218: Llegan los Caballeros – ¡¿Nuevo Maestro?

El cuerpo de Fuuka se balanceaba con el galope de su hermoso corcel negro.

Sus ojos estaban rodeados de ojeras.

Sin embargo, temía que su vida corriera peligro porque la iglesia les atribuía todos los crímenes de lo que había ocurrido en su fiesta, ¡y a Ryuji por despertar a un rey demonio!

«Aunque parece que no dieron mi imagen, sino la de otro estudiante que ya falleció.

Parece que el rey y el duque de Grigor son hombres dignos.

¿O es porque valoran a ese hombre?

Aquel que se enfrentó a una diosa y se sacrificó para salvar el reino de un mundo extranjero».

En el pasado, a Fuuka no le gustaba especialmente Ryuji Vincenzo porque parecía el típico ligón cabrón, un canalla que solo disfrutaba acostándose con mujeres y sin hacer nada.

Sin embargo, esa impresión no duró mucho; quizá solo la primera noche.

«Recuerdo cuando todos dábamos por sentado que éramos especiales o héroes.

Él se quedaba en esos campos de entrenamiento durante más horas, pedía entrar en más mazmorras e incluso ayudaba a los héroes más débiles sin habilidades de combate.

Y entonces…».

Mientras estaba perdida en sus pensamientos, una mujer de rasgos decentes y largo pelo rubio galopó hacia Fuuka.

Esta mujer era una de las tropas de confianza de Anne, una de sus capitanas y su amiga más antigua, Fredricka.

De largo pelo rubio recogido en una coleta y ojos marrones, normalmente tomaba el mando cuando los caballeros luchaban contra enemigos poderosos mientras Anne se centraba en la batalla.

—¡Lady Fuuka!

Nos estamos acercando a la ciudad; pronto tendremos que presentar nuestra identificación.

La carta de la señora decía que nos esperaría en cierta posada para informarnos del siguiente paso.

Además, la Princesa Liana y la Duquesa Alice también deberían estar con ellas.

Aunque no era la más fuerte de las caballeras, Fredricka era la más versátil y flexible, capaz de actuar como vanguardia, retaguardia y guardia central.

Sin importar lo que Anne necesitara, ella podía cubrirlo.

Ese era también el caso de la mayoría de las caballeras de Anne.

Las entrenaba como a bestias de carga: armas a distancia, armas de corto alcance y de medio alcance; cada caballera debía ser competente en una de cada distancia y llevar consigo un anillo de armas especial.

La configuración estándar era una espada, una lanza y un arco.

Algunas, sin embargo, elegían magia o ballestas.

Si Alan era un genio en el combate, Anne lo era entrenando y formando un ejército.

Puede que sus tácticas fueran deficientes en comparación con las de quienes se especializaban en esa habilidad.
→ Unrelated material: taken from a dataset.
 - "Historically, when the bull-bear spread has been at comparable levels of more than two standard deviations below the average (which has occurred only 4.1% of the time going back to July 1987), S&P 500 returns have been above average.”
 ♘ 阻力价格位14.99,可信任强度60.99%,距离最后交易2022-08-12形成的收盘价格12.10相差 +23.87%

Sin embargo, las caballeras entrenadas por ella sobrevivían a diez veces más batallas y vivían, de media, cinco veces más que una caballera promedio.

«Mi señora parece haberse enamorado de ese hombre.

Sin embargo, no puedo dudar de él antes de entrenar y pasar tiempo a su lado.

Lo mismo ocurría con Lady Fuuka, que era amable y bondadosa, y se esforzaba más que la mayoría de los héroes perezosos y arrogantes del reino».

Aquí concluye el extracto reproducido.